In connection with the opinion expressed herein, we have examined such documents, records and matters of law as we have deemed relevant or necessary for purposes of this opinion. Based on the foregoing, and subject to the further limitations, qualifications and assumptions set forth herein, we are of the opinion that the Shares that may be issued pursuant to the Plans have been duly authorized and, when issued in accordance with the respective Plans and against payment of due consideration therefor (to the extent applicable), will be validly issued, fully paid and non-assessable.

The opinion expressed herein is limited to the laws of France as currently in effect, and we express no opinion as to the effect of the laws of any other jurisdiction. We have assumed that the Company will take no action inconsistent with the resolutions authorizing the Company to issue the Shares. We have also assumed, for any future awards under the Plans, that (1) the resolutions authorizing the Company to issue the Shares pursuant to the respective Plans and the applicable award agreements will be in full force and effect on the date of such awards and (2) such future awards will be approved by the Board of Directors of the Company in accordance with applicable law and with the terms of the relevant Plan.

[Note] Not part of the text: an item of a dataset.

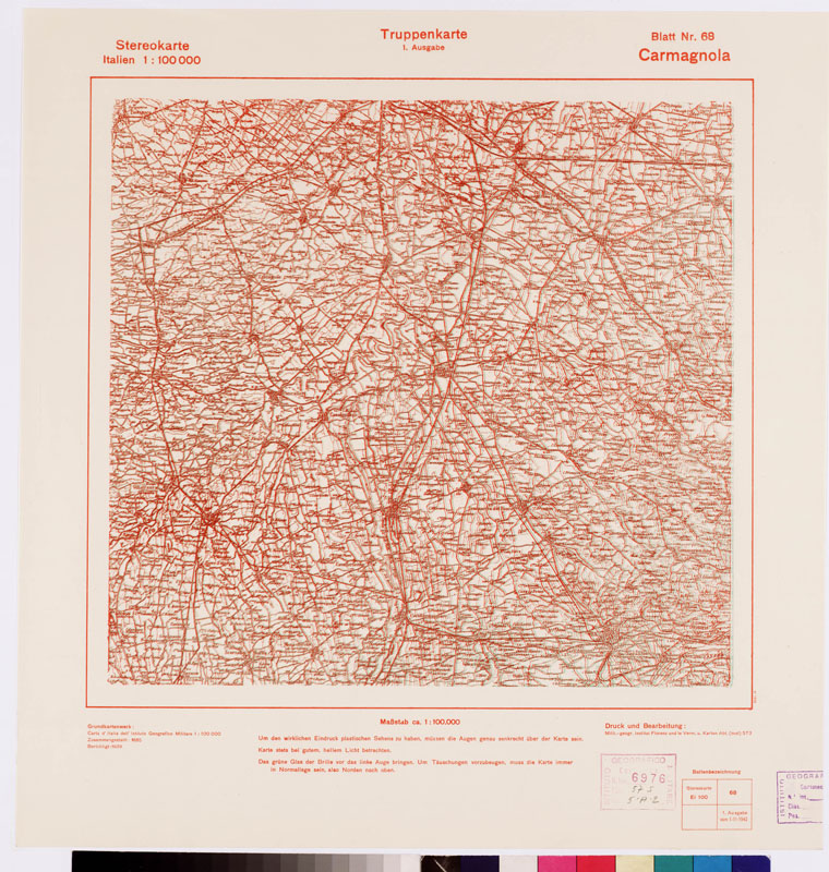 TRUPPENKARTE - STEREOKARTE - (CARTA STEREOSCOPICA PER USO MILITARE) - Foglio 68 - Carmagnola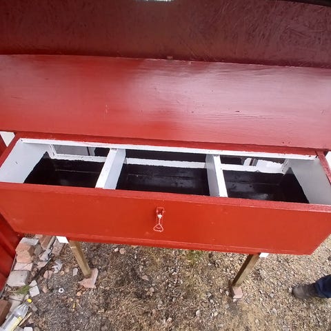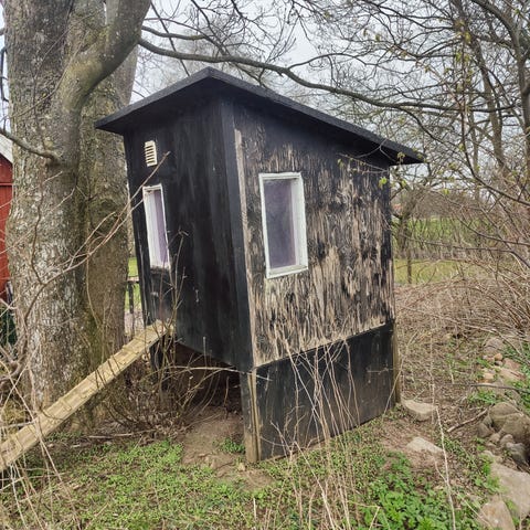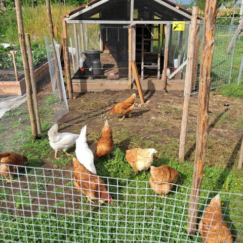 Plåttak, stuprör, isolerad, plåtlucka för utgång, sittpinne, reden till hönsen, el, trappa

We hereby consent to the filing of this opinion as Exhibit 5.1 to the Registration Statement on Form S-8 filed by the Company to effect registration of the Shares to be issued and sold pursuant to each Plan under the Securities Act of 1933 (the “Act”). In giving such consent, we do not thereby admit that we are included in the category of persons whose consent is required under Section 7 of the Act or the rules and regulations of the Securities and Exchange Commission promulgated thereunder.